(INPUT DATA):

──────────

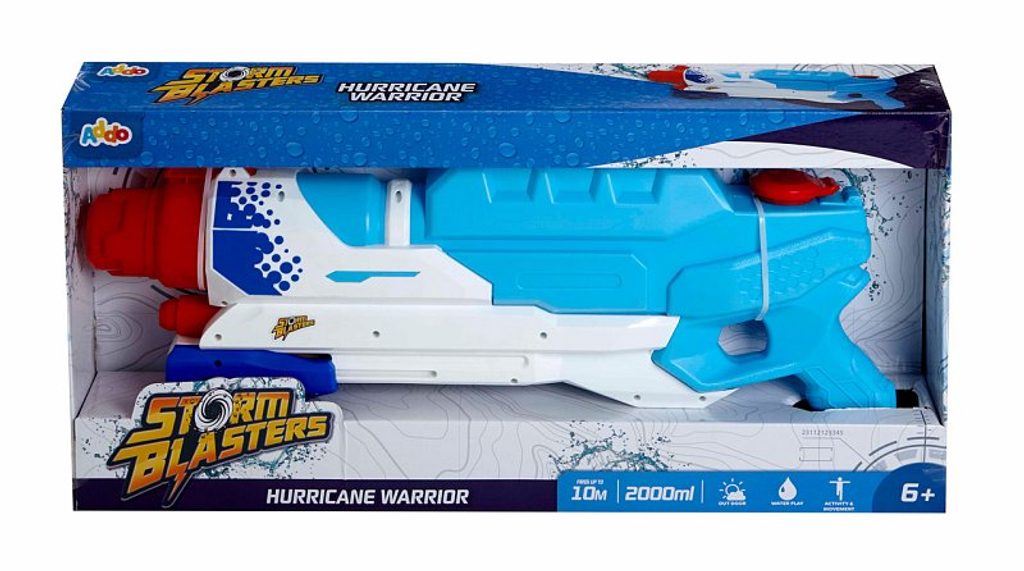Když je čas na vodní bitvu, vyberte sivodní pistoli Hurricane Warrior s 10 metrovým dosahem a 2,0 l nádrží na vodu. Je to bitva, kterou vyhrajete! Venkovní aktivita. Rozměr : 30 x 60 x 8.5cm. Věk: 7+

──────────

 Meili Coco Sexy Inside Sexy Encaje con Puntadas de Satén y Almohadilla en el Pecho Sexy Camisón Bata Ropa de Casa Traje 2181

──────────

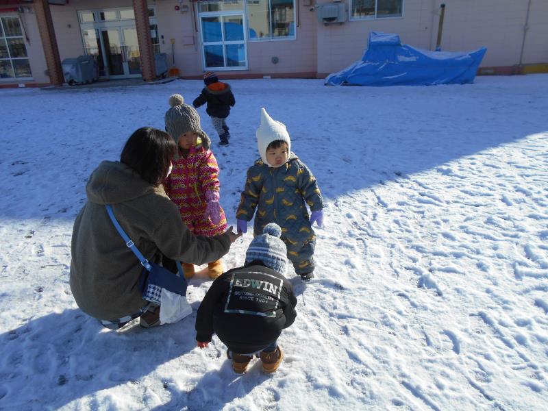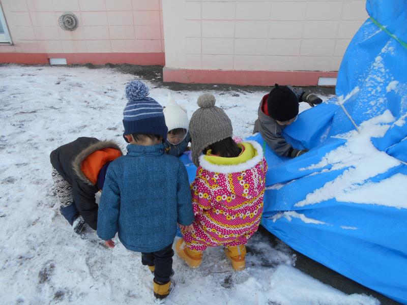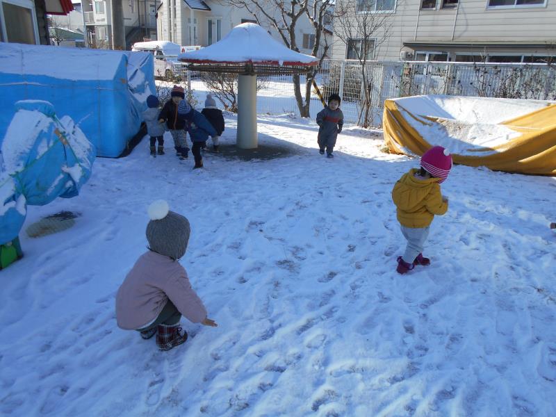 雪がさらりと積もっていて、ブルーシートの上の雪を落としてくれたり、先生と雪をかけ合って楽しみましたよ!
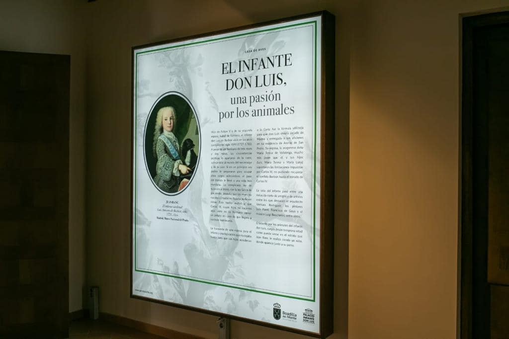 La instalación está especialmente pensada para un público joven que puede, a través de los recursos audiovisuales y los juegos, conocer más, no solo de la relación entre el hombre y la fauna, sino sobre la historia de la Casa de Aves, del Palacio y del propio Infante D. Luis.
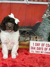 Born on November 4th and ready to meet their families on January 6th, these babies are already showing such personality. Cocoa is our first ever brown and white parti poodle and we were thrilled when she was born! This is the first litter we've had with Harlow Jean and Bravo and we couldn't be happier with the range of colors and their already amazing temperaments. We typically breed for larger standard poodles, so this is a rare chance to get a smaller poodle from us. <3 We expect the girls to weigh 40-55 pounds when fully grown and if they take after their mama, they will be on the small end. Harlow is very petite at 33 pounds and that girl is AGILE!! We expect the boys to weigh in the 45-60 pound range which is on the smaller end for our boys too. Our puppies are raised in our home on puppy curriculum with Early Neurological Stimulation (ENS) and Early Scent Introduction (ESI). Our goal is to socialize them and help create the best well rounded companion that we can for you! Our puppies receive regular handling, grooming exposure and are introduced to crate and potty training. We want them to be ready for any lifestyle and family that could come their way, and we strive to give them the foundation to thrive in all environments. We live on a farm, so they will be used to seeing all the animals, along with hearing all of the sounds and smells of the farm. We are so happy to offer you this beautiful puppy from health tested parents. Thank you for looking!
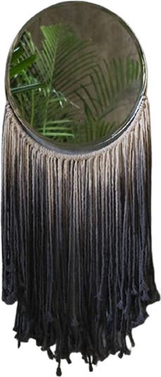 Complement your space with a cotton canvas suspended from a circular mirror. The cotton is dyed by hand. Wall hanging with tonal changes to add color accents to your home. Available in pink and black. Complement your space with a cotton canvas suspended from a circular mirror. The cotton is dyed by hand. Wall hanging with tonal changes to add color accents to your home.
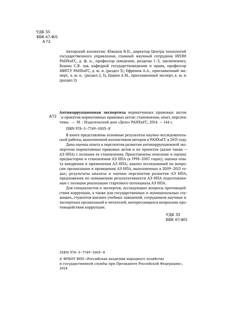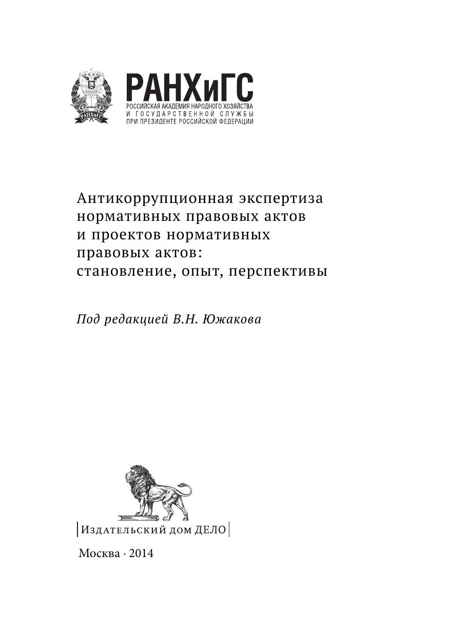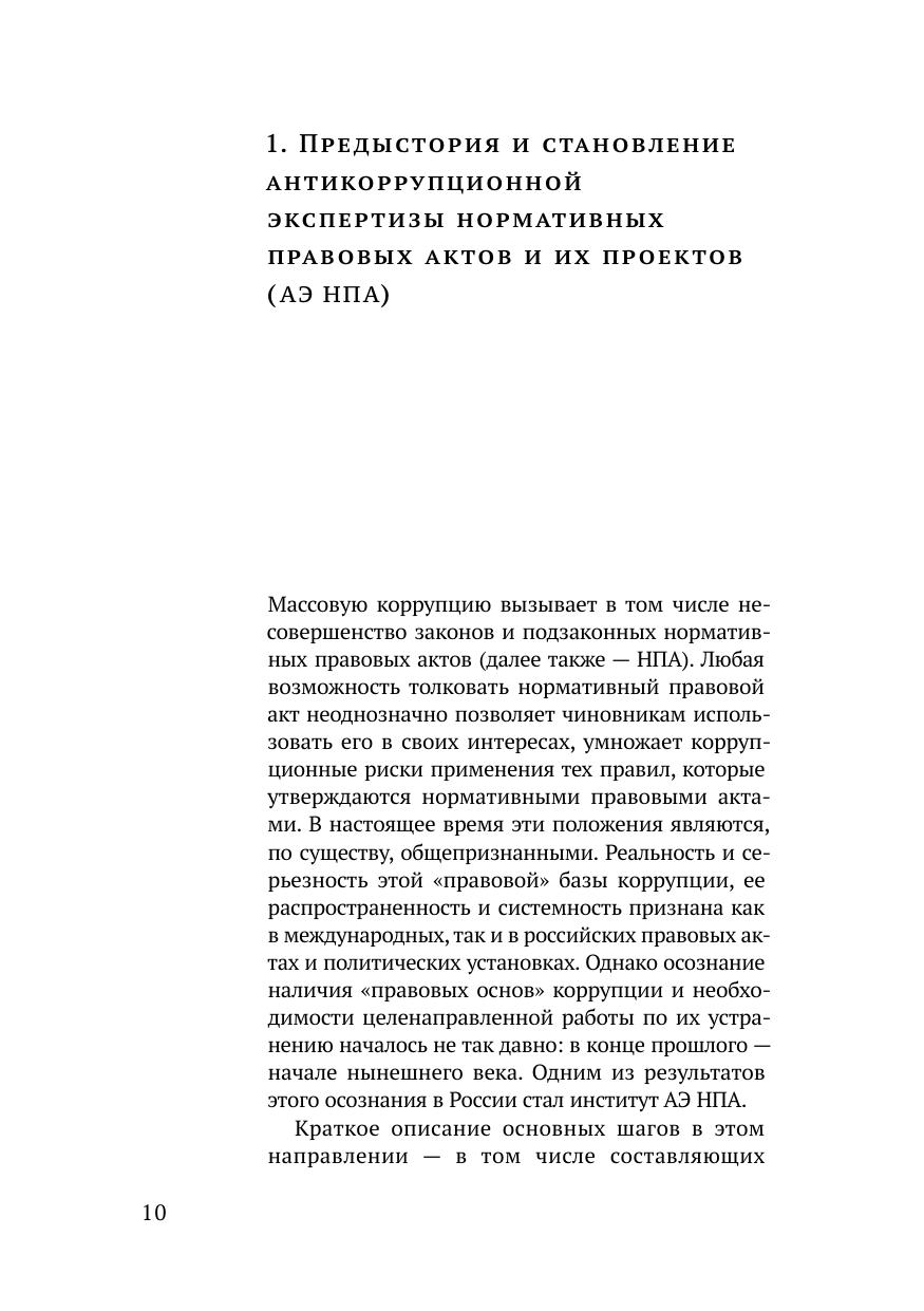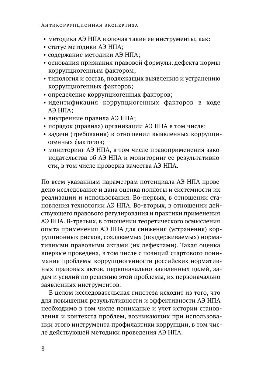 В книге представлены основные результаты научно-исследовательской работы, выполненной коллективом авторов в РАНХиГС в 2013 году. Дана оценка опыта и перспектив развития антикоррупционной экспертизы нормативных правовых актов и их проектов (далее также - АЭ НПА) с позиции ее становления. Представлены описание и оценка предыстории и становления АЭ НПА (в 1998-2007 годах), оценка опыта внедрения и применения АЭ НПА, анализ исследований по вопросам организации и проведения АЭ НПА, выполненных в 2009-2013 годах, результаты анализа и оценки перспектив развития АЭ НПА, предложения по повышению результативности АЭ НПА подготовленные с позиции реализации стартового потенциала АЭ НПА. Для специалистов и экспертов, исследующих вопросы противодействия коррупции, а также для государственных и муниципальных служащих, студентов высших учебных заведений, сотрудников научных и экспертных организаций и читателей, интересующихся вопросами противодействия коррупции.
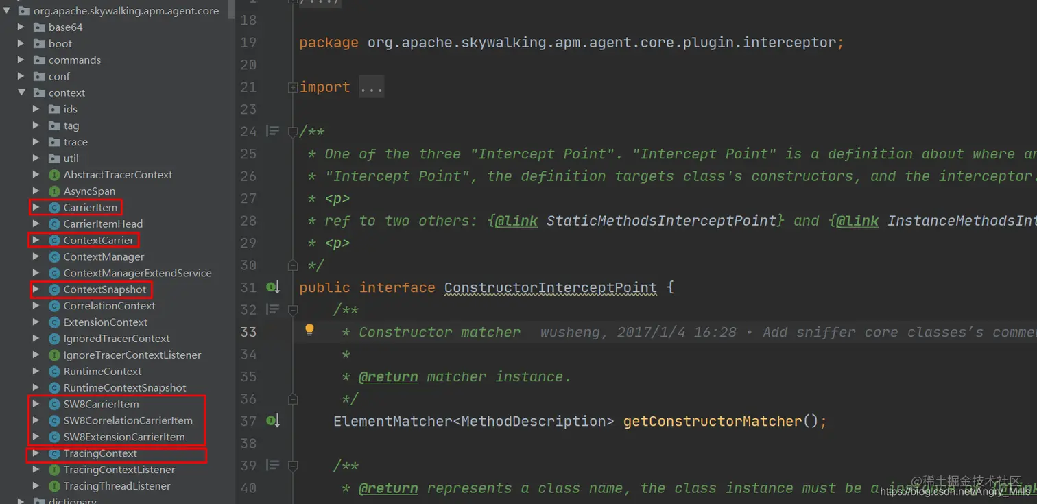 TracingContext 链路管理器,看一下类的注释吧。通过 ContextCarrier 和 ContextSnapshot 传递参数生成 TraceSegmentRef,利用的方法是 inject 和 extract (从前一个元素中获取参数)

──────────

Repeat only the stretch of data above that runs from the line with "雪がさらりと積もっていて、ブ" to the line with "La instalación está". Keep both end lines; exclude pictures.

(RESPONSE BELOW):
 雪がさらりと積もっていて、ブルーシートの上の雪を落としてくれたり、先生と雪をかけ合って楽しみましたよ!
 La instalación está especialmente pensada para un público joven que puede, a través de los recursos audiovisuales y los juegos, conocer más, no solo de la relación entre el hombre y la fauna, sino sobre la historia de la Casa de Aves, del Palacio y del propio Infante D. Luis.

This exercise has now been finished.